LECCIONES
RÁPIDAS Y SENCILLAS
Tomás Martín Tamayo
Hace muchos
años, en plena euforia monárquica, con un Juan Carlos I al que se reverenciaba
en toda España, escribí un artículo -¡pecado de juventud!- cuestionando su
legitimidad de origen porque había sido señalado por Franco, del que había
“heredado” la Jefatura del Estado… Además de no publicarme el artículo, recibí
una atenta llamada de la secretaria del director de HOY, para invitarme a tomar un café “con el
jefe”, en su despacho.
Yo barruntaba
un “despido” inmediato, pero el “jefe”, hombre inteligente y de autoridad sin
titubeos, eligió el registro de la tolerancia: “Llevas varios artículos dando
puntaditas contra la monarquía, yo sé de tus veleidades republicanas, pero este
periódico no las comparte, te sugiero que no me pongas nunca más a prueba y que
no vuelvas a enviar artículos en esa dirección”. No hubo café pero sí mucha claridad y con pocas palabras,
en unos minutos, me enseñó lo que es un periódico, una línea editorial, un
director y un columnista.
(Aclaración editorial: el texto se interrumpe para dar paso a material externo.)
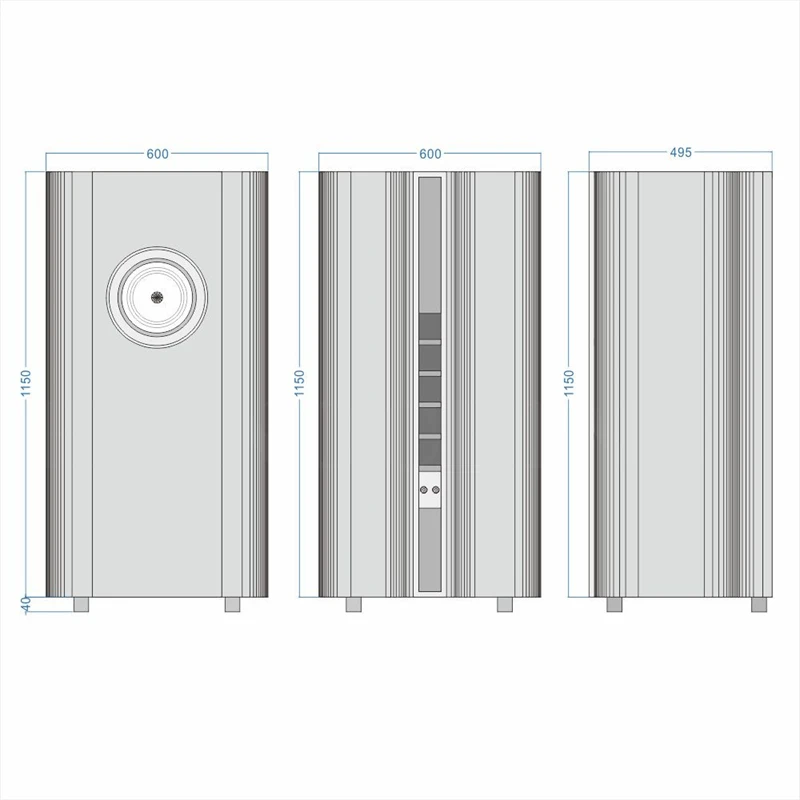 1. Unique arc-shaped cabinet design, using multi-layer bending, the advantage is that it can effectively suppress the standing wave in the cabinet, and the back of the cabinet is wide open.

Nunca mais.
En Badajoz,
horas antes de embarcar para el acuartelamiento cordobés de Ovejo, donde teníamos que hacer el
“campamento” del servicio militar, nos entregaron el petate con los útiles
personales. Como soy “tipo medio”, toda la ropa me venía bien, excepto las
botas, que eran del 45. Reclamé y me dijeron que intentara cambiarlas o que al
llegar a Ovejo se lo dijera al cabo furriel.
En el tren, entre más de 200 aspirantes a reclutas, ninguno aceptó el trueque y al día siguiente, con mis botas de “siete
leguas”, me dirigí al cabo furriel, que me dijo que eso tenía que autorizarlo el
sargento Basilio: ¿Y dónde está? Siempre en la cantina de suboficiales.
Con mis botas
al hombro y mi ignorancia sobre las “clases” militares, entré en la cantina de
suboficiales, de la que un cabo me echó casi a empujones porque “¿dónde coño
vas, recluta?”. Se lo expliqué y me dijo que esperara en las escaleras hasta
que saliera el sargento Basilio. Mes de Julio, en Córdoba, a pleno sol y
sentado en unas escaleras de granito, en las que se podía freír un huevo. Una
hora después, el cabo salió para señalarme con gestos al sargento, que bajaba
las escaleras con poca seguridad. Resopló al final de ellas, se puso la gorra
de plato, sacó pecho y comenzó a caminar sin siquiera mirarme. Yo me acerqué y
me puse a su altura. Era muy alto y me miró desde arriba, evidentemente
achispado y oliendo a vino recocido:
-¿Qué te
traes?
-Que ayer en
Badajoz me dieron unas botas del 45 y las necesito del 41.
-¿Y a mí qué
coño de dices?
-Es que el
cabo furriel me ha dicho que solo usted puede cambiármelas.
-¿Yo? Mira
chaval, el cabo furriel y tú os podéis ir a tomar por culo. ¡Largo, búscate la
vida!
Lección
aprendida, en un minuto el sargento Basilio me enseñó lo que era la mili. Como
lo aprendí todo de golpe, me “busqué la vida” y al día siguiente calcé unas del 41, mientras que el de la
litera de al lado vociferaba, acordándose de la madre del cabronazo que le
había cambiado sus botas… Lo vi tan apurado que me dio pena: ¡No te preocupes,
eso te lo resuelve el sargento Basilio!